Jejak Diaspora Jawa di Kaledonia Baru: Sebuah Tinjauan Sejarah

edwards2010.com – Tahukah Anda bahwa ada komunitas keturunan Jawa di Kaledonia Baru, sebuah negara kepulauan yang terletak di Samudra Pasifik? Menariknya, kehadiran mereka di sana diawali dari era kolonial yang dipengaruhi oleh kebijakan penjajahan Belanda. Informasi mendalam tentang ini terangkum dalam buku ‘Diplomasi: Kiprah Diplomat Indonesia di Mancanegara’ karya A Agus Sriyono, Darmansjah, dan Bagas Hapsoro, serta tesis yang berjudul ‘The Javanese diaspora in New Caledonia’ oleh Hayuningsih dari University of Amsterdam pada tahun 2023.

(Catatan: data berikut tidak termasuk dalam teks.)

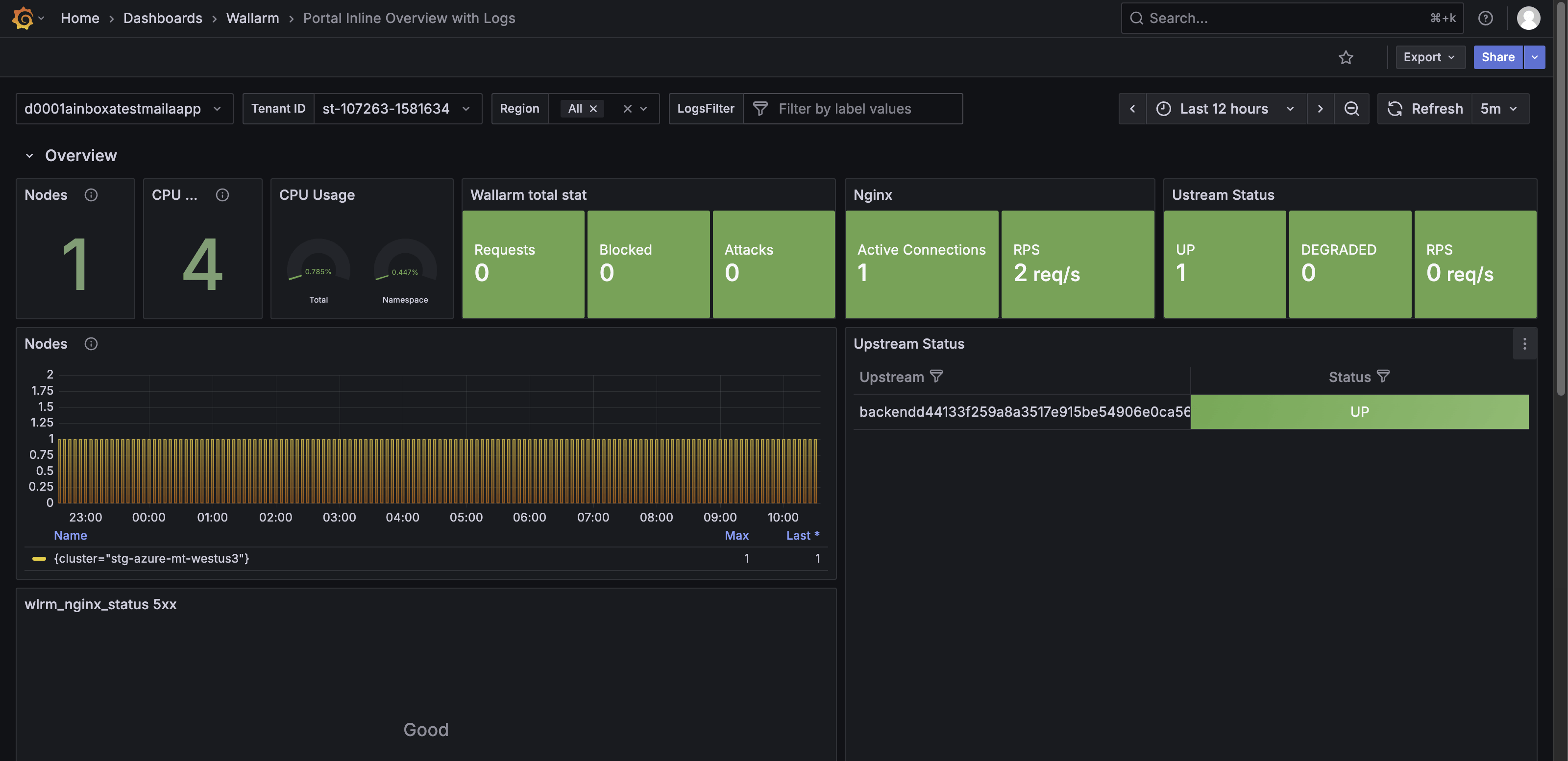 The Overview row provides a summary of the health, performance, and security activity of the Wallarm Security Edge cluster. It includes key metrics about nodes, NGINX, upstream services, and Wallarm request statistics.

Kaledonia Baru pertama kali dikenal oleh dunia Barat melalui ekspedisi yang dipimpin oleh Kapten Cook pada tahun 1774, dan menjadi koloni Prancis sejak tahun 1853. Pada awalnya, koloni ini diisi oleh narapidana dari Prancis sebagai tenaga kerja. Namun, setelah periode kolonial penal berakhir, kebutuhan akan tenaga kerja murah untuk sektor pertanian dan pertambangan meningkat drastis. Itulah sebabnya, mulai tahun 1896, Gubernur Jenderal Prancis saat itu, Paul Feillet, mengimplementasikan sistem kerja paksa kontrak.

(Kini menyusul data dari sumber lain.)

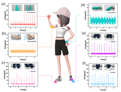 图2 HPC-TENG作为自供电传感器固定在人体的各个部位,以监控运动状态产生的输出电压。(a)拍手(b)肘部弯曲(c)跑步(d)手腕弯曲(e)行走(f)跳跃。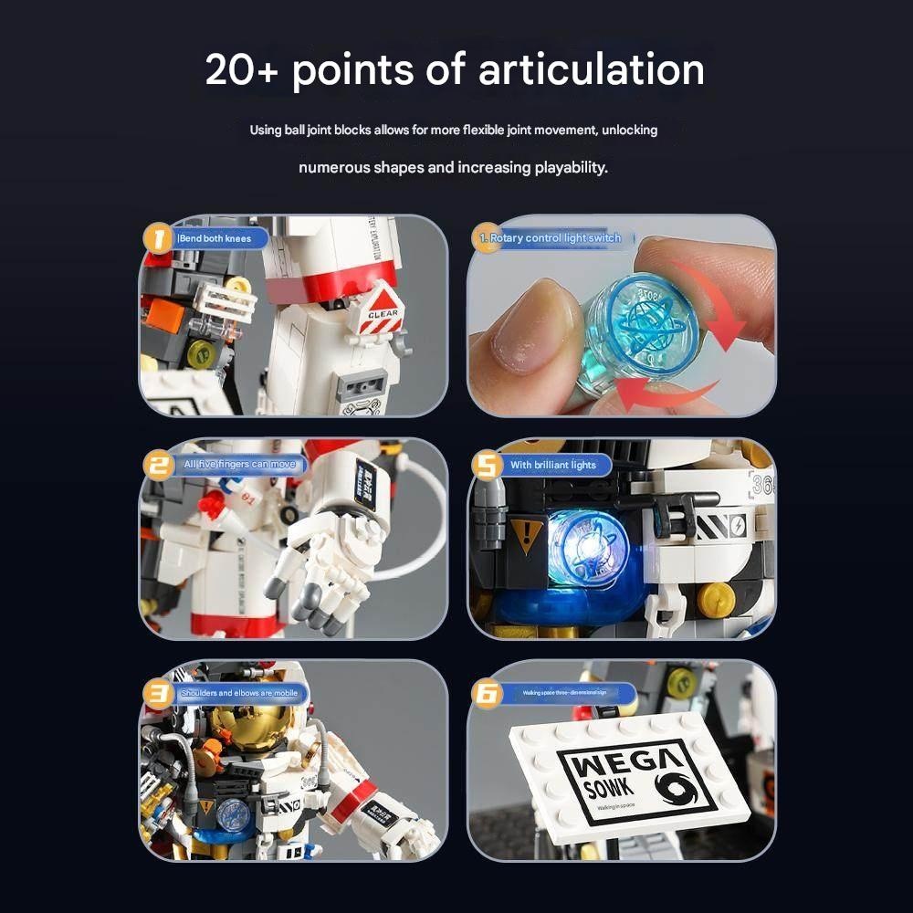 Master the ultimate space challenge with this astronaut building blocks set, featuring articulated joints and a premium gift box. Perfect for aspiring builders aged 7+, it offers ten levels of difficulty for endless, rewarding fun. Launch their imagination and conquer this epic build.

Orang-orang Jawa mulai datang ke Kaledonia Baru pada tahun 1896 sebagai bagian dari sistem kerja paksa tersebut. Mereka direkrut untuk bekerja di perkebunan kopi dan tambang nikel. Pilihan terhadap orang Jawa didasarkan pada persepsi mereka yang patuh dan disiplin, sebuah stereotip yang dibentuk oleh kolonial Belanda. Kondisi kerja yang mereka hadapi sangatlah keras dan mereka sering kali diisolasi di tempat kerja, hanya boleh meninggalkan area kerja dengan izin khusus dari pengawas.

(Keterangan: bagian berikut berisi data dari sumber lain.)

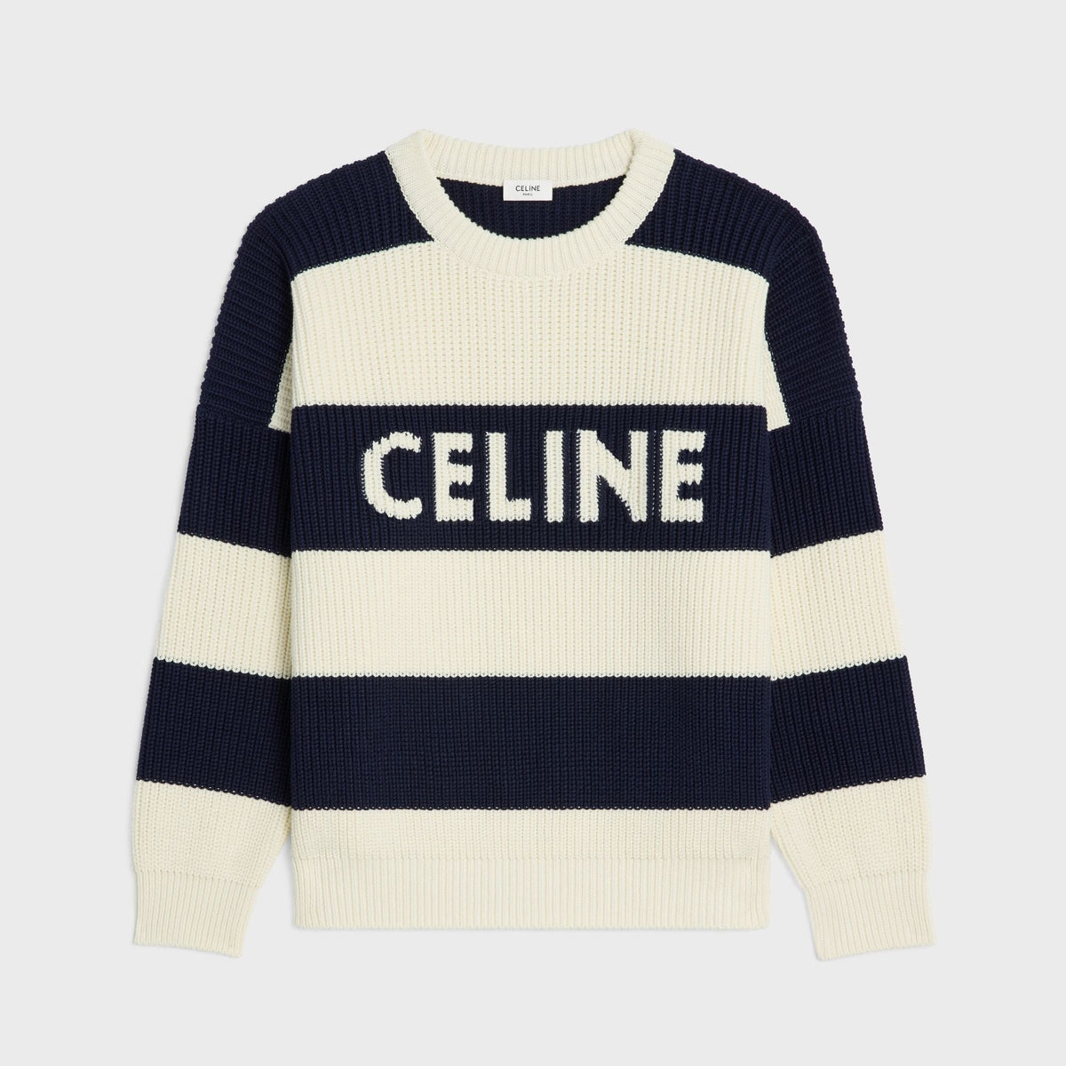 CELINE HOMME taps into its Parisian roots with this sweater. Patterned in navy and ivory stripes, it's been crafted in Italy from breathable cotton and intarsia-knitted with the brand name across the chest. Wear yours with a pair of the label’s jeans.

Seiring berjalannya waktu, walaupun banyak pekerja kontrak dari Jawa yang kembali ke Hindia setelah kontrak berakhir, sejumlah besar dari mereka memilih untuk menetap dan membentuk komunitas di Kaledonia Baru. Komunitas ini menjadi cikal bakal dari diaspora Jawa di sana. Namun, banyak dari keturunan mereka yang tidak mengetahui sejarah keluarga mereka secara detail, karena seringkali informasi tersebut disembunyikan oleh generasi sebelumnya akibat stigma negatif sebagai keturunan pekerja kontrak. Saat ini, berkat usaha dari sejarawan dan peneliti, sejarah yang hampir terlupakan itu mulai diungkap kembali, memberikan pemahaman yang lebih baik tentang asal-usul dan kontribusi mereka dalam masyarakat setempat.